EXERCISE:
What you copy should be the lines from the one with "1 bendigo temperance" through the end of the entries, word for word. Omit the pictures.

EXTRACTED RECORDS:
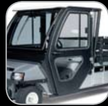
Certified ROPS Cab Enclosure
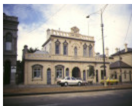
1 bendigo temperance hall bendigo front view apr1997
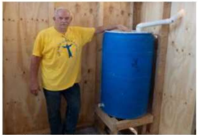
Barrel to collect roof water, inside the house
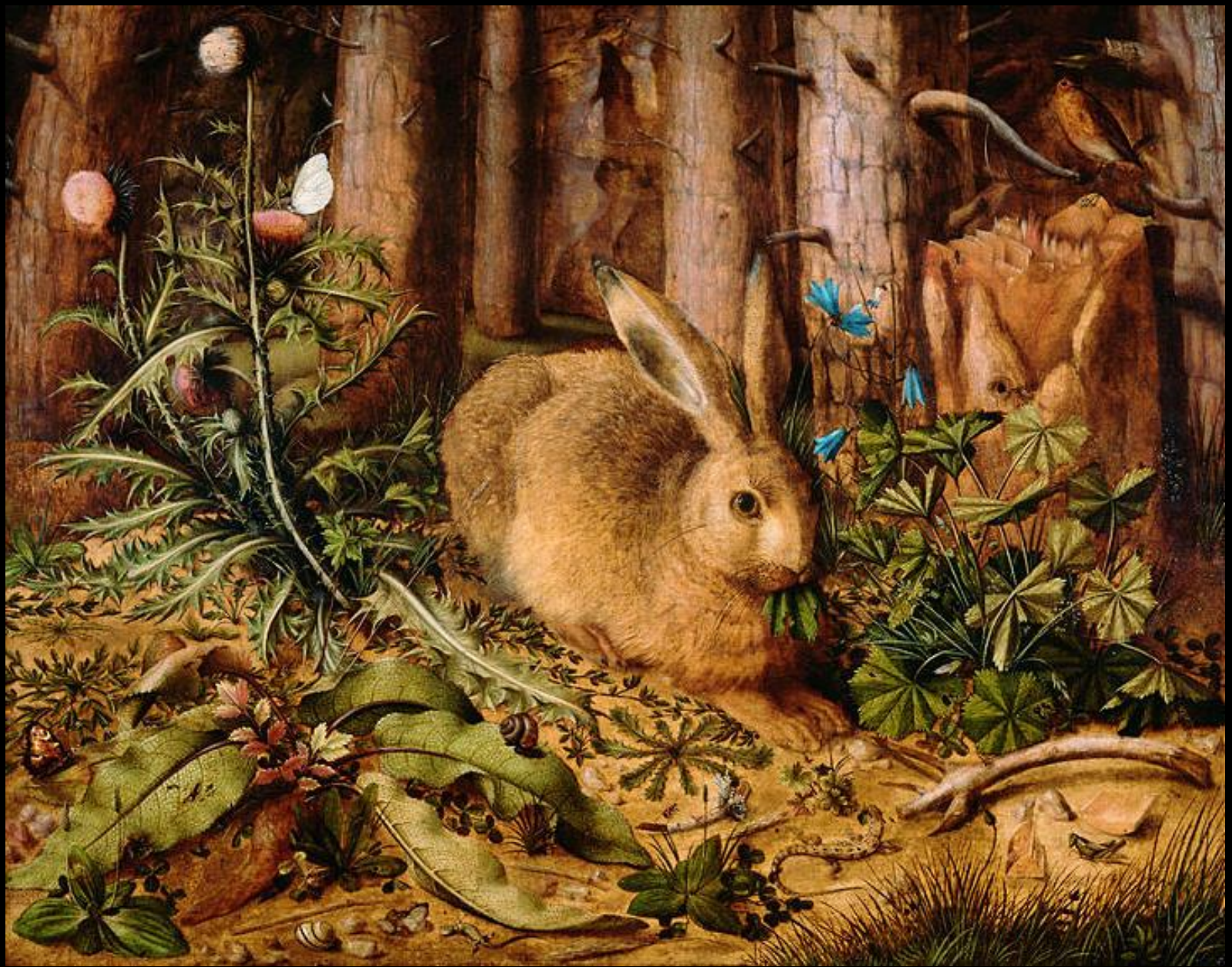
A Hare in the Forest -- Hans Hoffman, 1885, Getty Center, Los Angeles, CA
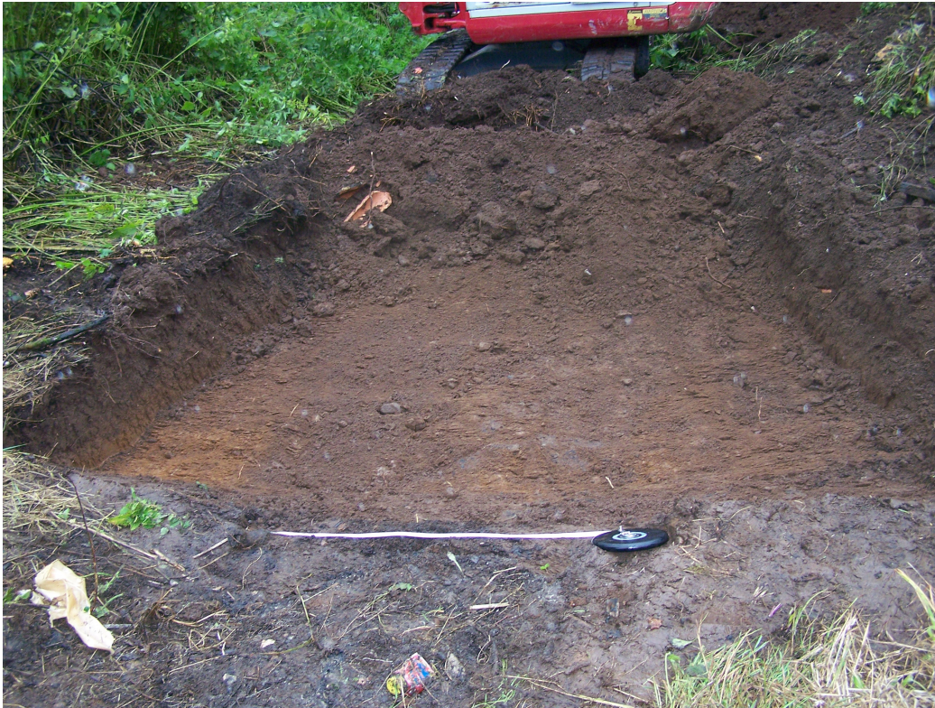
Plate Two: The trench following excavation to the surface of the natural subsoil (Context No. 102), looking north. (Scale is set at 1m).

ANSWER SPACE:
1 bendigo temperance hall bendigo front view apr1997
Barrel to collect roof water, inside the house
A Hare in the Forest -- Hans Hoffman, 1885, Getty Center, Los Angeles, CA
Plate Two: The trench following excavation to the surface of the natural subsoil (Context No. 102), looking north. (Scale is set at 1m).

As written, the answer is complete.